For formatting, the fraction length would be padded to the number of contiguous 'S' with zeros.
Spark supports datetime of micro-of-second precision, which has up to 6 significant digits, but can parse nano-of-second with exceeded part truncated.
- Year: The count of letters determines the minimum field width below which padding is used. If the count of letters is two, then a reduced two digit form is used. For printing, this outputs the rightmost two digits. For parsing, this will parse using the base value of 2000, resulting in a year within the range 2000 to 2099 inclusive. If the count of letters is less than four (but not two), then the sign is only output for negative years. Otherwise, the sign is output if the pad width is exceeded when 'G' is not present.

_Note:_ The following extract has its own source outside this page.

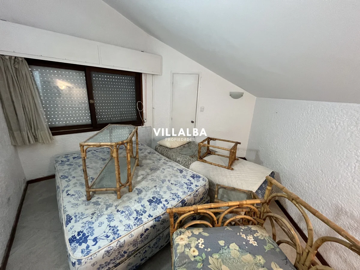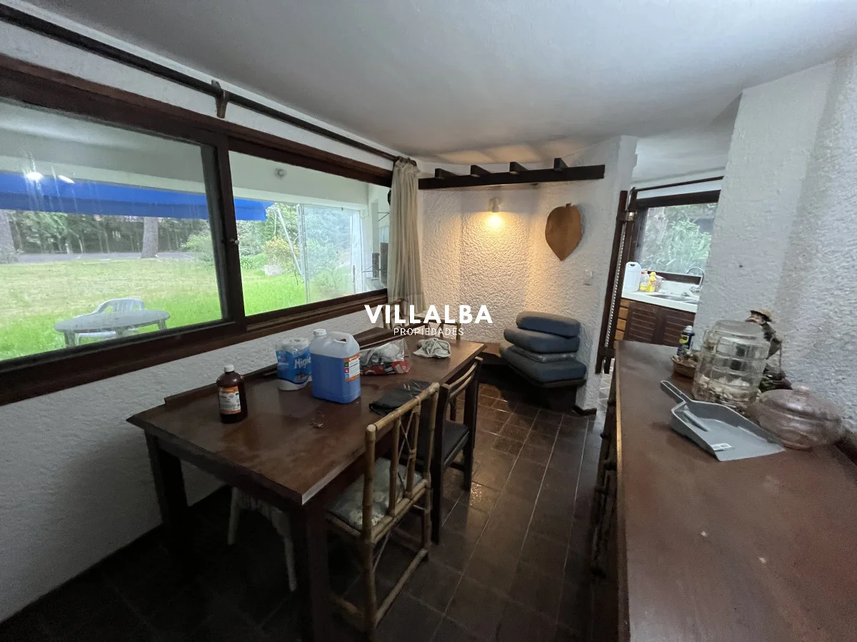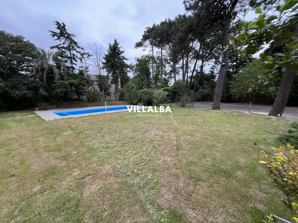 Amplia casa. Cuenta con 5 dormitorios, vestidores en 3 de ellos, placares en 2. 5 baños. Terreno de 1958 m2 y 210 m2 edificados. 30 m de frente x 65 m de fondo. Con piscina de 40 m2 (10x4) y parrillero Cancha de tenis de 400 m2 aprox Internet Alama ADT Amueblada con estufa a leña, 2 heladeras funcionando, horno y microondas. Sanitaria de entrada y salida actualizada. Sistema eléctrico actualizado. Alquiler por USD 2200, Garantía de aseguradora. Opción a venta o permuta. USD 740.000 Referencia Interna : Tera-3409

- Zone ID(V): This outputs the display the time-zone ID. Pattern letter count must be 2.
- Zone names(z): This outputs the display textual name of the time-zone ID. If the count of letters is one, two or three, then the short name is output. If the count of letters is four, then the full name is output. Five or more letters will fail.

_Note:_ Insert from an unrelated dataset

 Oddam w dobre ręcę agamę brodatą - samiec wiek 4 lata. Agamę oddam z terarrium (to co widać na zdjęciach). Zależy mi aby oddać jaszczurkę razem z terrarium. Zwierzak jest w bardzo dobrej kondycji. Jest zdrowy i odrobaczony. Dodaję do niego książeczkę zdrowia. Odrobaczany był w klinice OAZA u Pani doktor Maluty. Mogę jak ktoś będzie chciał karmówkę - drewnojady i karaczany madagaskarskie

- Offset X and x: This formats the offset based on the number of pattern letters. One letter outputs just the hour, such as '+01', unless the minute is non-zero in which case the minute is also output, such as '+0130'. Two letters outputs the hour and minute, without a colon, such as '+0130'. Three letters outputs the hour and minute, with a colon, such as '+01:30'. Four letters outputs the hour and minute and optional second, without a colon, such as '+013015'. Five letters outputs the hour and minute and optional second, with a colon, such as '+01:30:15'. Six or more letters will fail. Pattern letter 'X' (upper case) will output 'Z' when the offset to be output would be zero, whereas pattern letter 'x' (lower case) will output '+00', '+0000', or '+00:00'.
- Offset O: This formats the localized offset based on the number of pattern letters. One letter outputs the short form of the localized offset, which is localized offset text, such as 'GMT', with hour without leading zero, optional 2-digit minute and second if non-zero, and colon, for example 'GMT+8'. Four letters outputs the full form, which is localized offset text, such as 'GMT, with 2-digit hour and minute field, optional second field if non-zero, and colon, for example 'GMT+08:00'. Any other count of letters will fail.
- Offset Z: This formats the offset based on the number of pattern letters. One, two or three letters outputs the hour and minute, without a colon, such as '+0130'. The output will be '+0000' when the offset is zero. Four letters outputs the full form of localized offset, equivalent to four letters of Offset-O. The output will be the corresponding localized offset text if the offset is zero. Five letters outputs the hour, minute, with optional second if non-zero, with colon. It outputs 'Z' if the offset is zero. Six or more letters will fail.
- Optional section start and end: Use `[]` to define an optional section and maybe nested.
During formatting, all valid data will be output even it is in the optional section.
During parsing, the whole section may be missing from the parsed string.
An optional section is started by `[` and ended using `]` (or at the end of the pattern).
More details for the text style:
- Short Form: Short text, typically an abbreviation. For example, day-of-week Monday might output "Mon".
- Full Form: Full text, typically the full description. For example, day-of-week Monday might output "Monday".
- Narrow Form: Narrow text, typically a single letter. For example, day-of-week Monday might output "M".